This was highlighted by the fact average cash balances fell from 4.7% in October to 4.4% this month, which is the lowest level since October 2013.
By way of contrast, in October last year the average cash balance held by global fund managers was 5.7%, while the 10-year average is 4.5%.
So, what has been driving this need to put cash to work, despite the fact a record high net 48% of the same investors currently think equities look overvalued?
Only human after all
According to Adrian Lowcock, investment director at Architas, it is perhaps not best to look at average cash positions. He has looked at some IA sectors and notes there are some managers who have been “aggressively” increasing their cash exposure.
“The issue with cash weighting is that they act as a drag in strongly performing equity markets, even more so in the current low interest rate climate,” he says.
“This contradictory stance – of reducing cash even though the manager believes equity markets are expensive – can be driven by human behaviour. If a manager sits out of a market rally, the longer it goes on the more concerned they became they have missed out and eventually they capitulate on their view and invest.”
Chris Metcalfe, founder of IBOSS, notes that career risk may be playing a part behind the decision to cut cash, especially for US managers and those managers who don’t work for investment boutiques.
“It’s easier for managers who run money for groups they founded to be long-term as the only pressure they are put under to perform is from themselves,” he says. “However those who work for large asset managers are under more pressure to perform in the short term and as a result they often end up chasing performance.”
A ‘contrarian’ cash builder?
Metcalfe, as founder of IBOSS and manager of its model portfolios and Oeics, is one manager who is not cutting his cash weighting. In fact he has explicitly been building his cash position.
“We currently have an allocation of 10% to money market funds in our medium-risk mandate which is the highest weighting for some time,” he says. “Unlike our peers we will not be reducing it unless the equity and bond markets fall, or the economic position improves beyond all recognition.”
Indeed on top of his position in money market funds, Metcalfe says he has further cash holdings via the holding the F&C Property Fund, which has about 15% held in cash, and Alastair Mundy’s Investec Cautious Managed Fund which currently has about 13% in cash.

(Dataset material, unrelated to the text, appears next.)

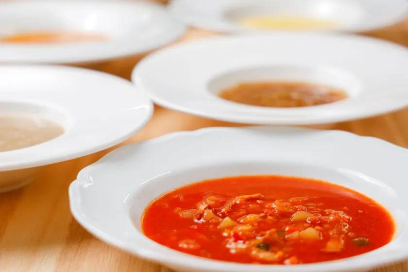 国産とうもろこしを使ったプレミアムコーンスープ、たまねぎを30%まで炒めたオニオンスープなど手が込んだスープや具沢山ミネストローネや具沢山クラムチャウダーは複数種類の野菜と多めの具材にしました。

“The fact that cash is dismissed by many as an asset class doesn’t make it any less of one in our opinion,” he says. “Right now everyone seems to be worried about the direction of markets but no-one can see what the catalyst for them to go down will be. On top of this bonds look terrible value, so in their place we would rather hold cash.”
For Lowcock, the average cash balance held by a fund also doesn’t really tell you that much.
“Many managers will run on the view of being fully invested and there are areas such as Japan, Europe, Asia and emerging markets where markets are not significantly expensive and offer value,” he says.
“We agree that markets are not cheap, but in a world of synchronised global earnings growth, growth could be the driver that reduces the valuation not a large correction.”